(Data extracts)
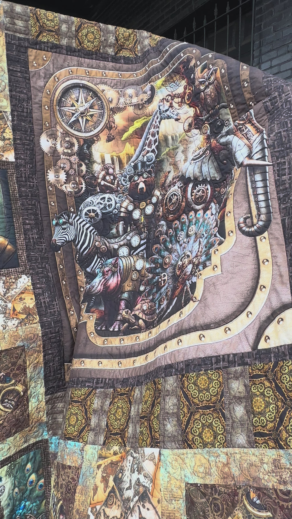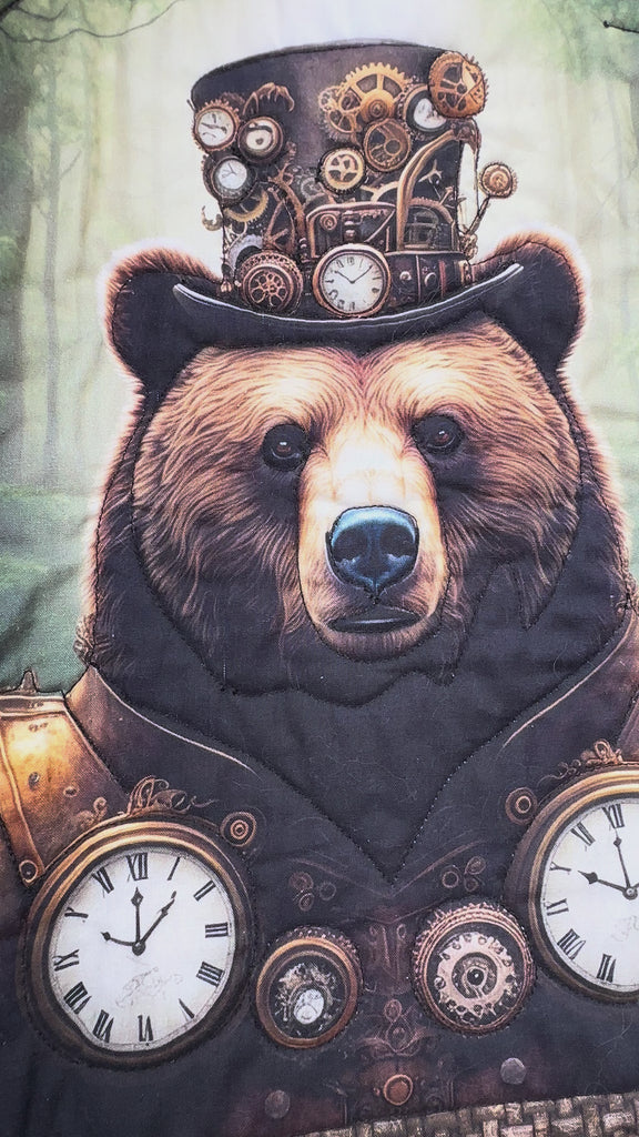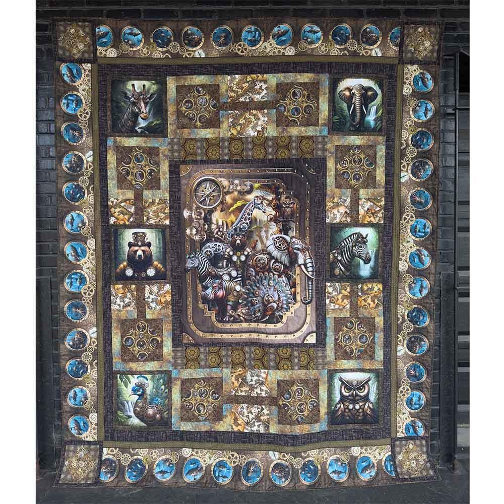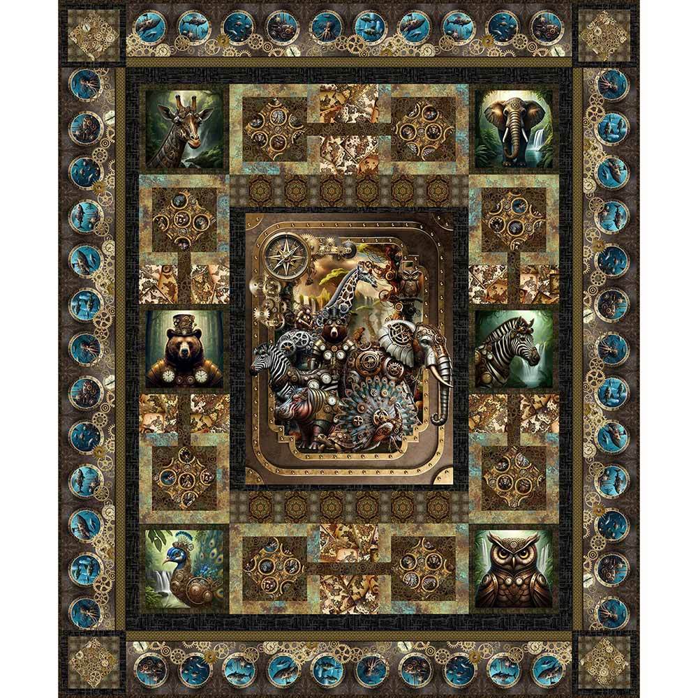 The Steampunk Menagerie Kit includes pattern by In the Beginning and all the fabrics needed, including panels, for the top and binding of a 89" x 107" quilt. Backing available separately, 9 yards x 44" or 3-1/2 yards x 108" wide recommended.
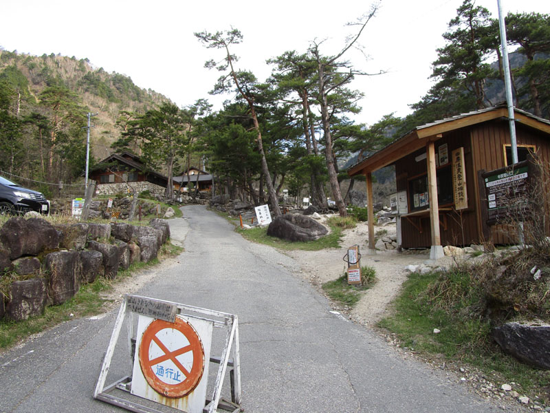 道路には通行止(車両通行止ではなく、人も含めて通行止)標識のあるバリケードが置いてあるが、
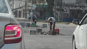 La calzada quedó reducida por un largo rato, hasta que lograron retirar los vidrios de la calle.
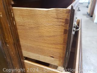 Solid wood construction, dovetail joinery. 55.5" H x 34" W x 18.75" D.
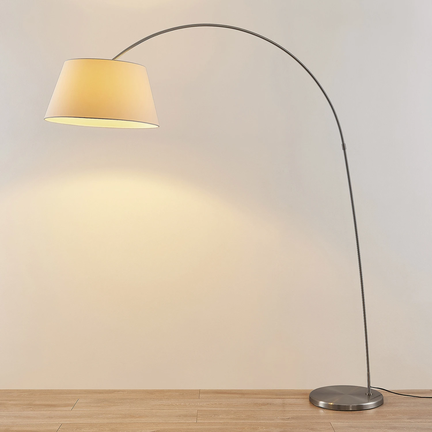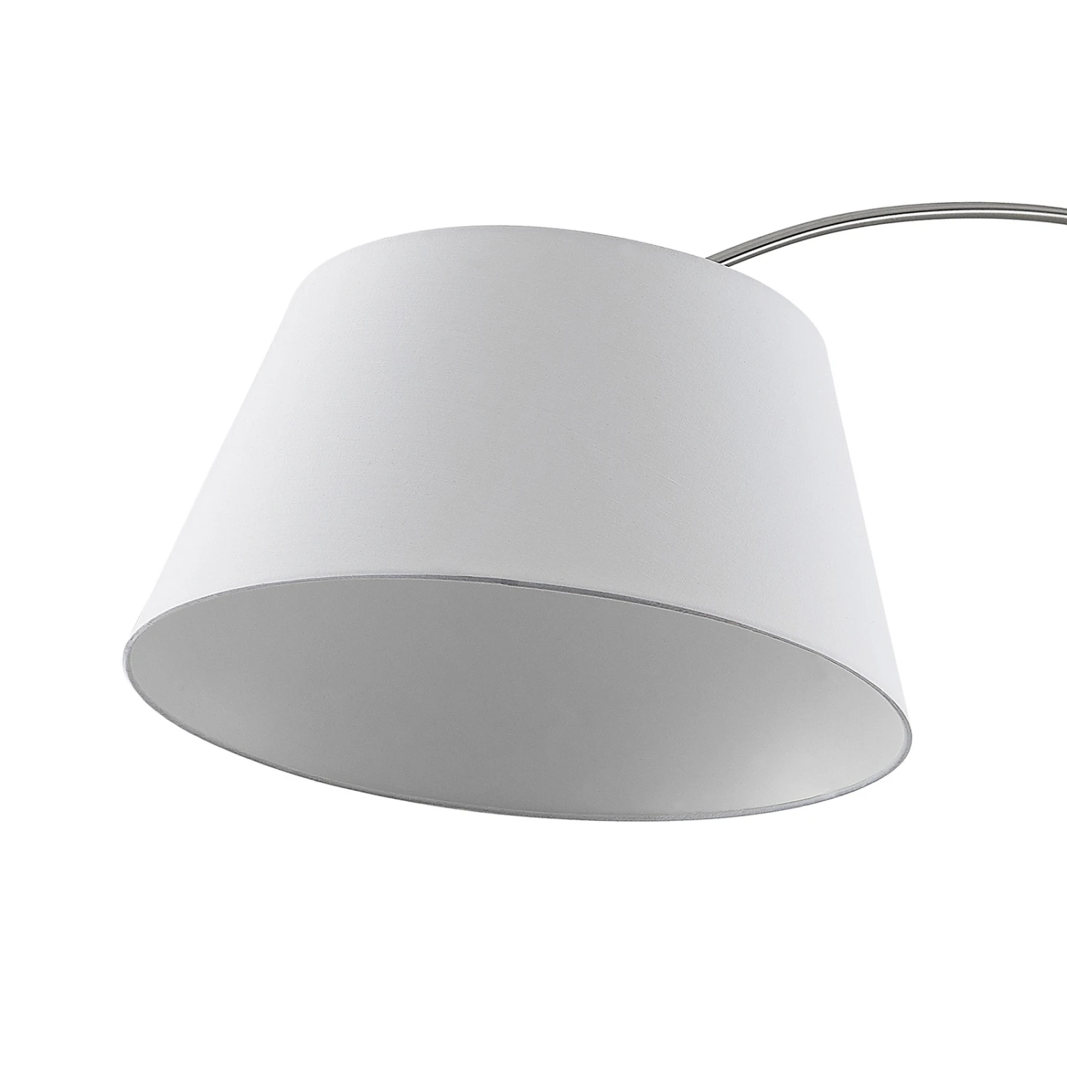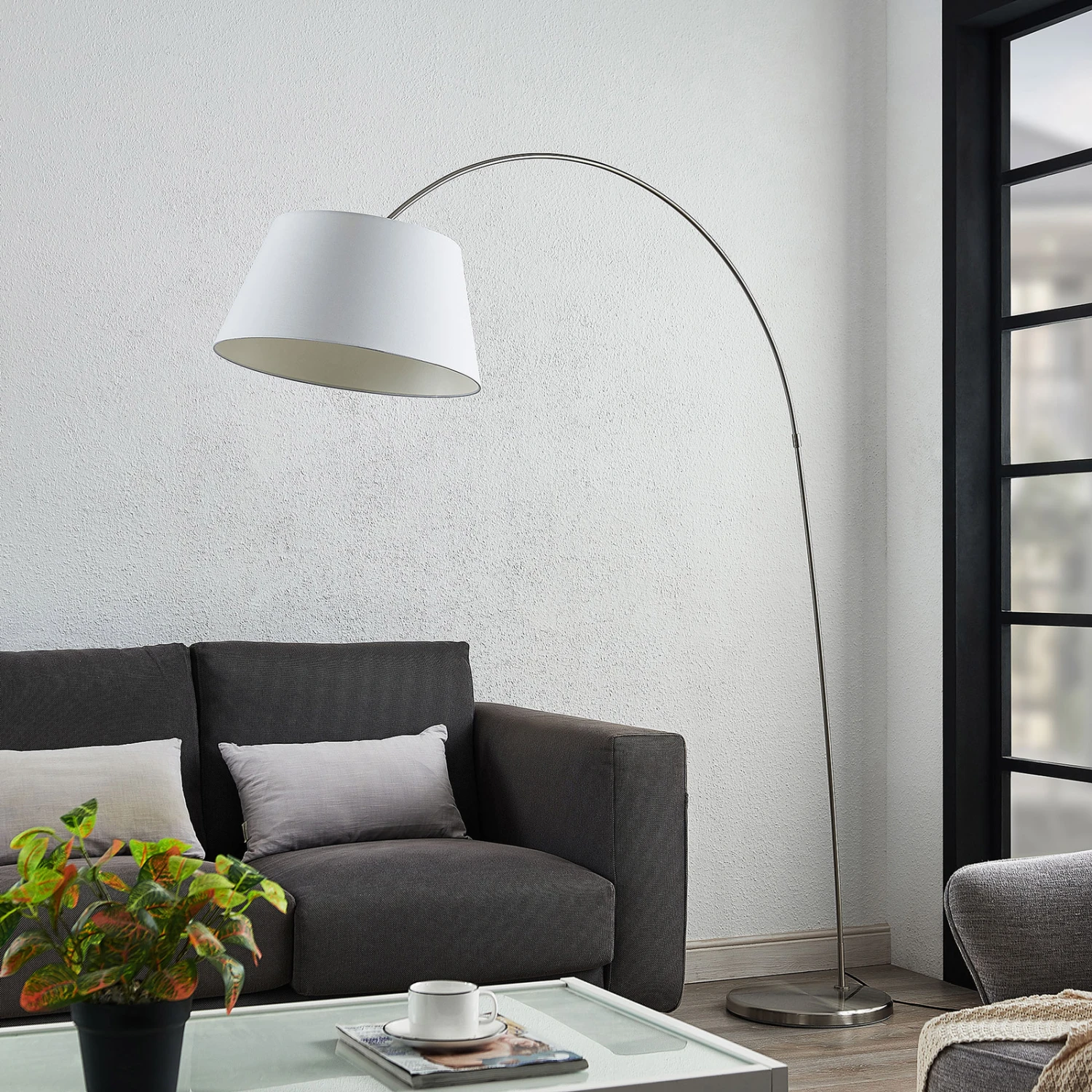 Lampadaire arqué Torvi en acier avec abat-jour textile blanc
(End Data extracts)
• _Task to complete_
Set down every line above exactly, pictures excluded.

• _Solution to the problem_
 The Steampunk Menagerie Kit includes pattern by In the Beginning and all the fabrics needed, including panels, for the top and binding of a 89" x 107" quilt. Backing available separately, 9 yards x 44" or 3-1/2 yards x 108" wide recommended.
 道路には通行止(車両通行止ではなく、人も含めて通行止)標識のあるバリケードが置いてあるが、
 La calzada quedó reducida por un largo rato, hasta que lograron retirar los vidrios de la calle.
 Solid wood construction, dovetail joinery. 55.5" H x 34" W x 18.75" D.
 Lampadaire arqué Torvi en acier avec abat-jour textile blanc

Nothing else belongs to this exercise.